In consideration of the mutual promises and covenants contained herein, and for other good and valuable consideration, the receipt and sufficiency of which are hereby acknowledged, the parties agree as follows:
1. Scope of Work
The scope of work will be divided into two categories: “base line tasks” and “special projects.”
Base line tasks include, but are not limited to, serving as an advisor to MTS in the transition of Test leadership from the Consultant to Steve Harrison, President, Vehicles and Structures, and William Becker, President, Materials Test Systems, and other advisory matters as requested by MTS.
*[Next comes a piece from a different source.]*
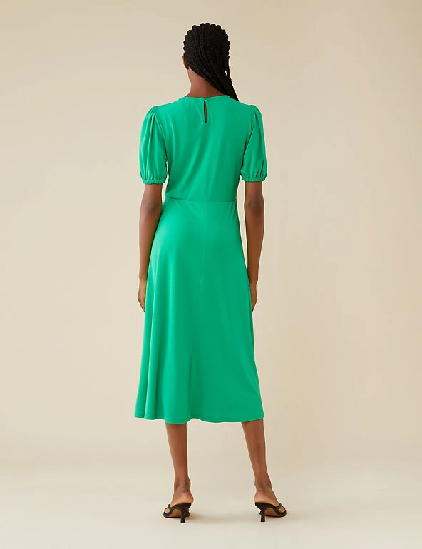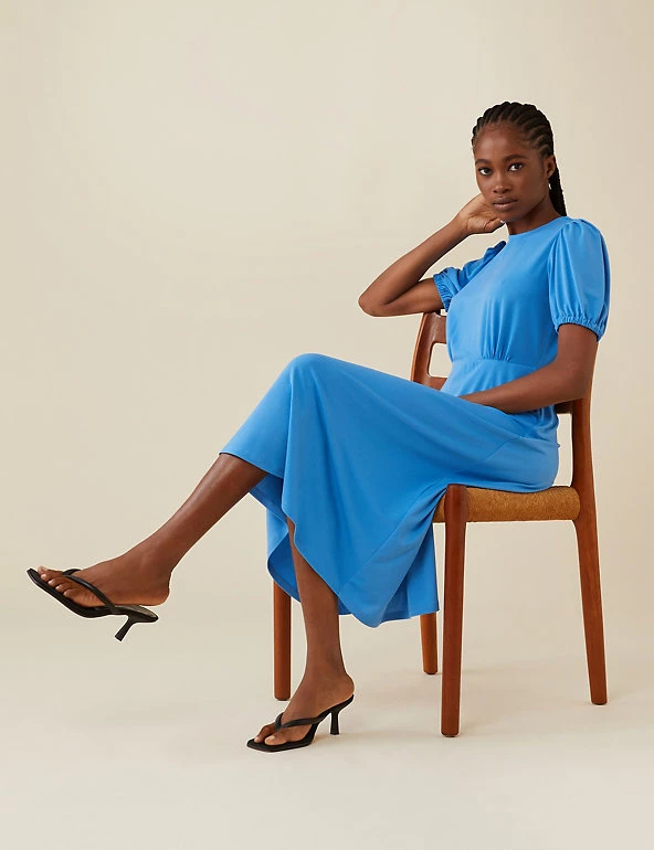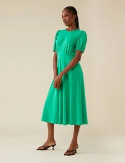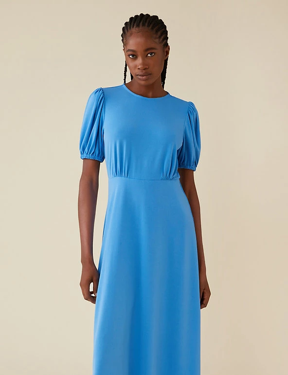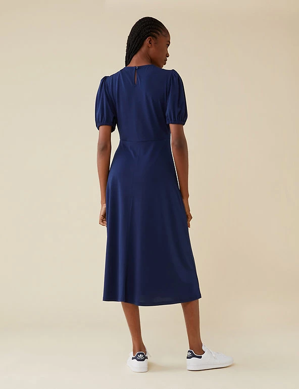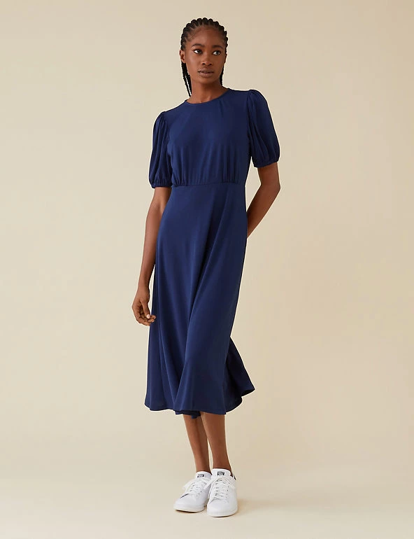 This sleek and simple tea dress from Finery London makes a big impact. Cut to a regular fit, it features short puff sleeves and flattering waisted detailing. This piece has an on-trend midi hem and fastens with a keyhole button fastening at the back.

Special projects are projects that require dedicated and sustained involvement for a specified period of time and must be pre-approved on a case-by-case basis by MTS’s CEO or CFO. Examples of special projects include, but are not limited to, strategic scenario analysis and assessment.
2. Term
This Agreement will begin on January 14, 2017 and end on March 31, 2017. The Agreement may be terminated or amended at any time and upon such terms as are agreed to, in writing, by the parties.
3. Fees
The monthly retainer for base line tasks will be $10,000 with such amount prorated for any partial month and is guaranteed for the term of this Agreement. It is anticipated that the base line retainer will cover approximately five days of consulting services per month, on average, over the term of the Agreement. The fee for special projects will be $2,000 per day.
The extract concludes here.